Molecular markers are an important tool for crop improvement. Using the SSRFinder set of Perl scripts [44] and the AutoSNP package [45], we designed 1391 Simple Sequence Repeats (SSR) and 2356 Single Nucleotide Polymorphism (SNP) markers for 1725 of the 10577 captured transcripts; these markers were stored in a relational database where they were linked to the functional annotation of the sequences. After this process we got either a SNP or a SSR marker for 7 of the 22 cassava transcripts identified as enzymes in the starch and sucrose metabolism pathway, these enzymes include SS, starch phosphorylase (2.4.1.1), sucrose phosphate synthase (2.4.1.14) and UDP-glucose 6-dehydrogenase (1.1.1.22), which are enzymes known to have an effect on starch production [46, 47]. Of the remaining 1718 genes associated with molecular markers, 563 were inside genes included in 85 different pathways.

To recognize stress inducible genes in this remarkably tolerant crop, we compared our sequences to the collection of drought and cold induced genes identified with the RIKEN Arabidopsis full length (RAFL) cDNA microarray [33]. Table 4 shows genes from that experiment with significant hits in our library; for 44 stress-induced genes in Arabidopsis, we captured 181 cassava transcripts showing significant sequence similarity (e-value < 1e-10) to 32 of them.

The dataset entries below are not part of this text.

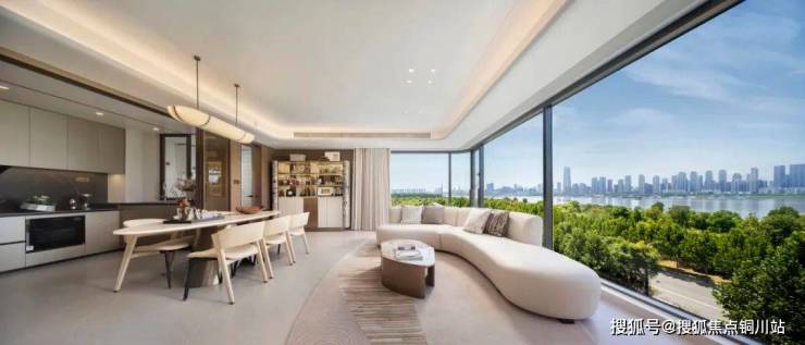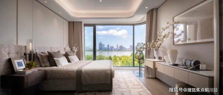 建面约143m²IMAX巨幕观景台,约16.2米观江面,极目长江磅礴; 超尺度转角光幕环厅,客厅、餐厅、厨房、阳台一体化设计;瞰江创想空间,定制更多生活场景;东南向卧室,全家庭舒适生活私域。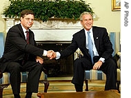 "We also talked about the European Union," said Prime Minister Balkenende. "And I am convinced that the United States and the European Union share the same values. We talked about it: freedom, human rights and democracy, economic dynamism, sustainable development. And I think that if we work together, we can really make a difference. And I think it is necessary."
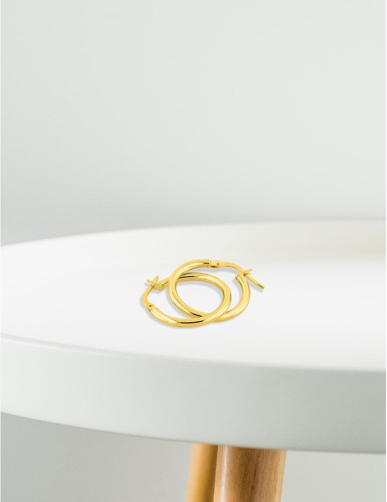Elégantes et séduisantes ces créoles lisses en or jaune 375‰ (9 carats) sont des accessoires de mode féminins incontournables. Le diamètre est de 15 mm avec un fil rond de 2 mm.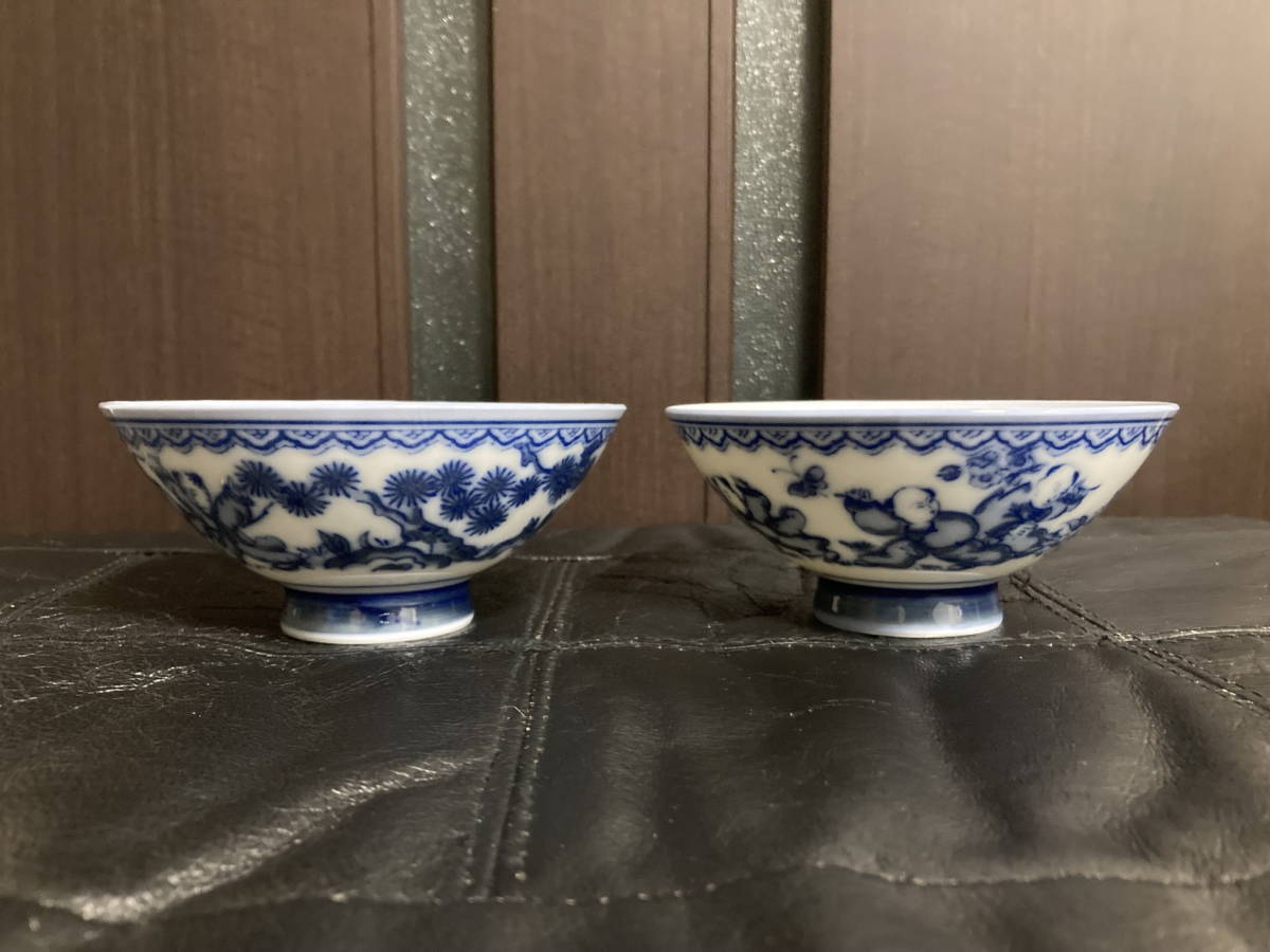 > ☆旧家蔵出し・昭和レトロ・茶碗・ご飯茶碗・2客セット・染付・茶道具・アンティーク・レトロ・古道具・インテリア雑貨☆

Those genes for which we found more cassava transcripts include enzymes in the following categories: Aquaporins, endoxyloglucan transferases, beta-glucosidases, thiol proteases, heat shock proteins (HSPs), ascorbate peroxidases, thioredoxins, ethylene responsive element binding (EREB)/AP2-like proteins and catalases.

Table 4 Arabidopsis stress-induced genes identified by the RAFL microarray [33] captured in the cassava full-length library.

Gene correspondence and in-paralog (co-ortholog) detection

In the following sections the term ortholog will be used to designate sequences that are derived from a single ancestral gene in the last common ancestor of the species that are being compared [35]. This definition allows for cases were a single copy of a gene exists in each of these genomes (one-to-one orthologs) and cases where recent gene duplication has occurred and two or more genes in one species are orthologs with a single gene in another. In the later case, genes produced by gene duplication after a speciation event are called in-paralogs and they are co-orthologs of the corresponding gene in other species.

It is not our objective to provide a full classification of the transcripts captured in the full-length library into orthologs and paralogs, but to make use of the methods available to describe some interesting features of this collection of genes. First we use blast to designate pairs of genes that are reciprocal best hits (RBHs) when cassava transcripts are compared to those of other species. With this approach, RBHs are interpreted as potential one-to-one orthologs whereas co-orthologs are ignored; this way we are able to look for GO terms overrepresented in the set of sequences that remain unpaired (including possible gene duplications and alternative transcripts) as a means to recognize functional categories that are particularly frequent in the annotation of cassava transcripts. Second, we use blast to identify putative in-paralogs from a set of sequences from which alternative transcripts have been removed; this way we can produce a list of potential recent gene duplications for further analysis.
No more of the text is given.